まずは、作業開始前に作業者の健康状態確認を徹底しましょう。また、作業中の健康状態に留意し、定期的に体調を確認することも大切です。さらに、体調不良を訴えたり、相談しやすい職場環境を整えていくことも忘れてはなりません。そのためにも普段から、現場の監督者が責任を持って作業者に接することを心掛けてください。

作業員の熱中症予防に役立つIoT

熱中症には様々な予防方法があるものの、難しいのが自覚症状がなかなか出ないことです。予防方法がわかっていても自覚症状がなければ対応前に熱中症にかかってしまうのです。

そこで近年注目されているのが、IoTを活用した熱中症予防です。では、熱中症を未然に防ぐために活用できるセンサーには、どのような種類があるのでしょうか。また、取得できた様々なデータはどのようにして活用されるのかも気になりますよね。そういったことを踏まえて、熱中症対策に役立つIoTの魅力に迫ります。

熱中症危険度を察知する様々なデータ

熱中症の危険度を察知する際、IoTでは様々なデータを取得します。一般的に、熱中症で使われているデータは以下のようなものがあります。

  • 体温
  • 脈拍
  • 体内水分量
  • 気温
  • 湿度
  • 周辺の熱環境

また、これらのデータを取得するために、

  • パルスセンサー
  • 発汗センサー
  • 気圧センサー
  • 温湿度センサー
  • 加速度センサー

など、様々なセンサーを活用します。

熱中症予防で重要となるのはデータのリアルタイム性なので、センサーは作業員の手首に装着するリストバンド型やシャツに取り付ける形のものなど、作業中でも常時データを収集できる”ウェアラブル”なデバイスに搭載されることが多くなっています。

管理者にいち早くアラートを

センサーから取得した情報は、ただ右から左へとアラートを飛ばすわけではありません。ウェアラブルデバイスなどIoT機器で測定したデータを一度クラウドに集約して分析することで初めて、熱中症危険度がわかるようなデータになり、熱中症を予防する対応に繋げることができます。
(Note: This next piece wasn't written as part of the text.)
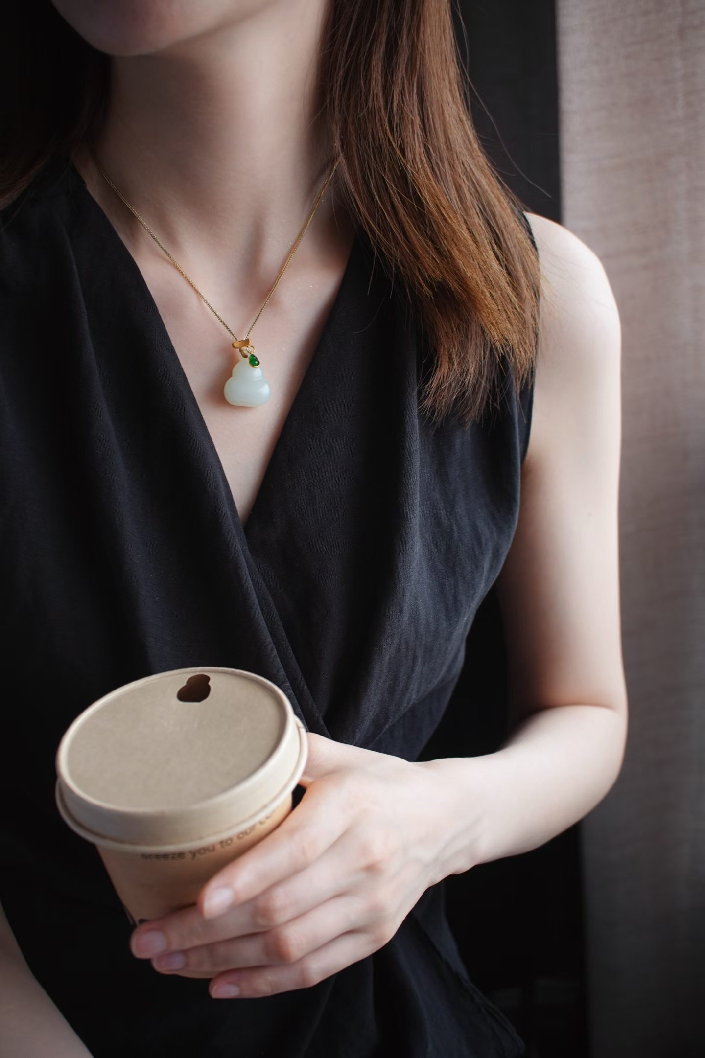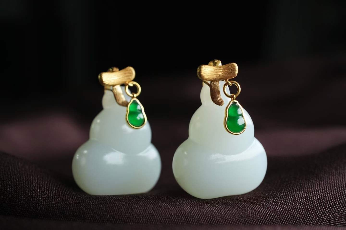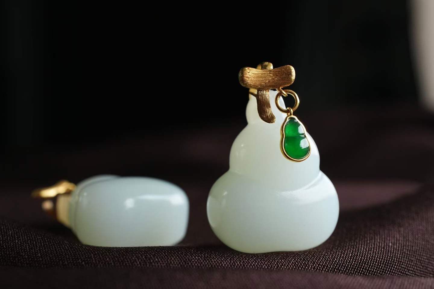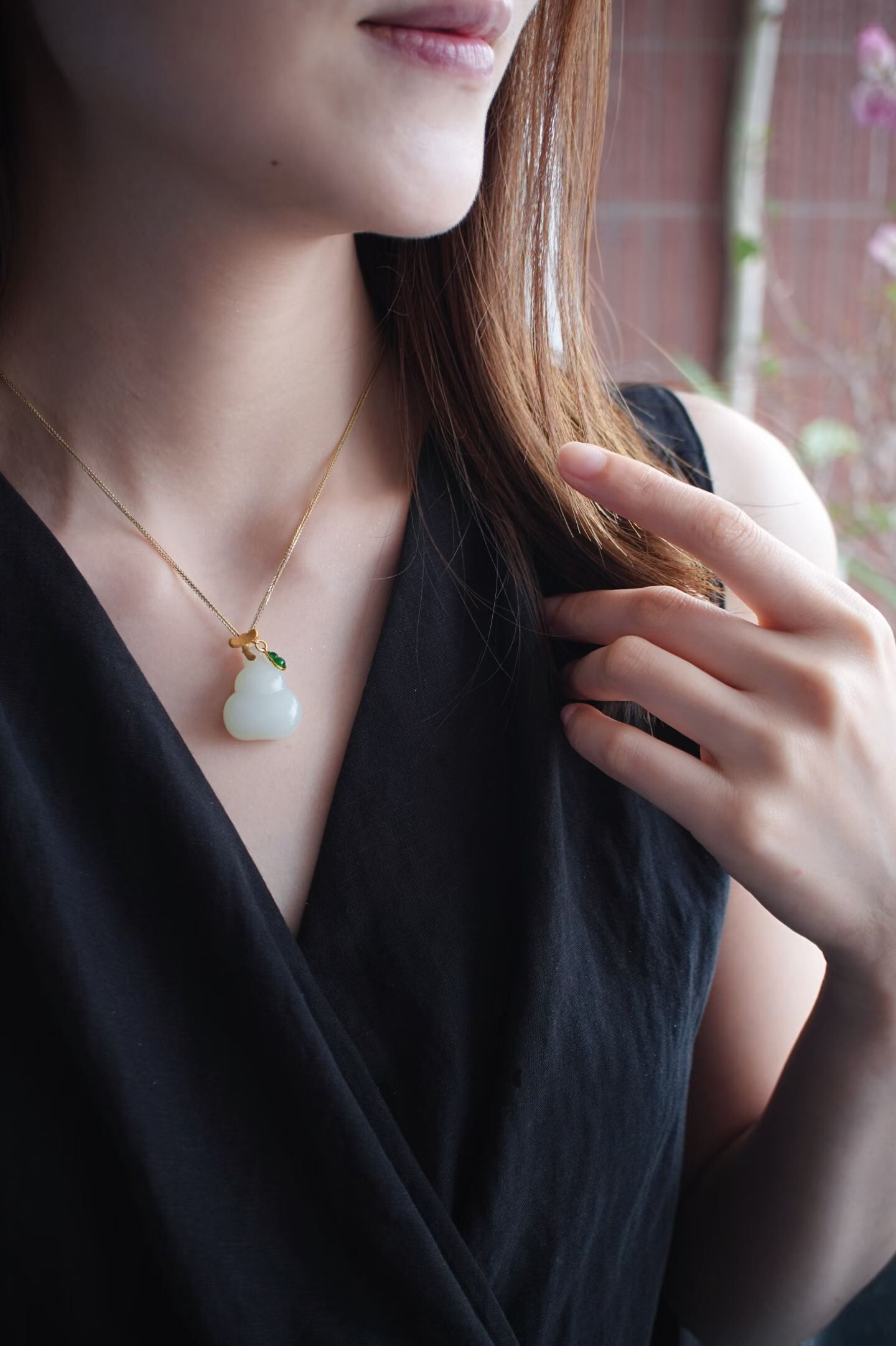 18K厚金拉絲工藝枝條扣頭,天然翡翠小葫蘆點綴,猶如天然生長,精致靈動,上身福祿疊buff。

熱中症の危険度を評価するアルゴリズムの種類は様々ですが、分析のスピードと継続性が重要です。作業員が作業している最中にリアルタイムなアラートができなくては手遅れになるからです。

また、危険度を通知しても肝心の管理者が気付かないのでは意味がありません。タイムロスを防ぐためにも、管理者だけでなく本人にも同時に通知を行います。通知を複数人に行うことで、周囲が素早くサポートすることも可能になります。

まとめ

熱中症により作業員が倒れてしまうと、工期の遅れが生じてしまうだけでなく、安全管理を怠ったとして企業の責任問題を問われることもあります。何よりも、一緒に働く仲間には健康であってほしいものです。

熱中症対策には様々な方法が考えられ、今までも様々な対策が講じられてきました。しかし、より効率的に確実に職場環境を整えていく際に、IoTが頼もしいサポート役となってきています。夏恒例の課題として熱中症が挙がってきている場合、一度検討してみるのも良いかもしれません。